# Hoya wax plants



## MattySF (May 25, 2005)

Can anyone please tell me if these plant will root on backgrounds and climb?


----------



## rbrightstone (Apr 14, 2004)

No. They will not grow in frog tanks. They are far to wet.


----------



## Scott (Feb 17, 2004)

I've got a couple doing really well.

I'll have to tell them to die now.

s :?


----------



## StevenBonheim (Feb 22, 2004)

Haha! Ill tell mine the same  But seriously, it depends on the species and the conditions of you tank. I say go ahead and try.
Good luck!!


----------



## Ed Martin (Mar 25, 2004)

I have them growing in with my aurotaenia and vittatus enclosures and they are doing great, and the enclosures are quite moist. Both are planted in the coco panel backgrounds and have to be trimmed quite often. As others said, give them a try!
Ed


----------



## MattySF (May 25, 2005)

*got it*

Thanks for your replys guys. Higher maybe better than lower? Trailing instead of climbing?


----------



## Guest (Aug 14, 2005)

> Both are planted in the coco panel backgrounds and have to be trimmed quite often.


Are they planted in planters or mounted to the coco panels?
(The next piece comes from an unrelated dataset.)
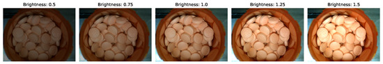 Second, we conducted a robustness evaluation simulating variable lighting conditions. We selected the quantized YOLOv11n model due to its low resource usage and strong accuracy–efficiency balance across all tested configurations. Test images were synthetically augmented using varying brightness factors (see Figure 3), and classification accuracy was recorded as a function of brightness. This setup approximates real-world environmental variability, such as shadows or strong light exposure, and provides a preliminary assessment of model stability under common deployment challenges.

Could one mount them with their roots wrapped in sphagnum to a great stuff/coco background?


----------



## harrywitmore (Feb 9, 2004)

*Hoyas*

Some species do very well in a very humid environment such as curtisii and serpens. H imbricata would also do well if allowed to shingle up the back. They are all from Asia so they are not native to dart frog environments. Also when cut they bleed a white sap that could be a problem for frogs so be careful when cutting them back.


----------



## MattySF (May 25, 2005)

*thanks*

Thank you for the additional info. A good fact to know.


----------



## rbrightstone (Apr 14, 2004)

I stand corrected. These are species I have never seen but now I will be on the lookout for them. Thanks.


----------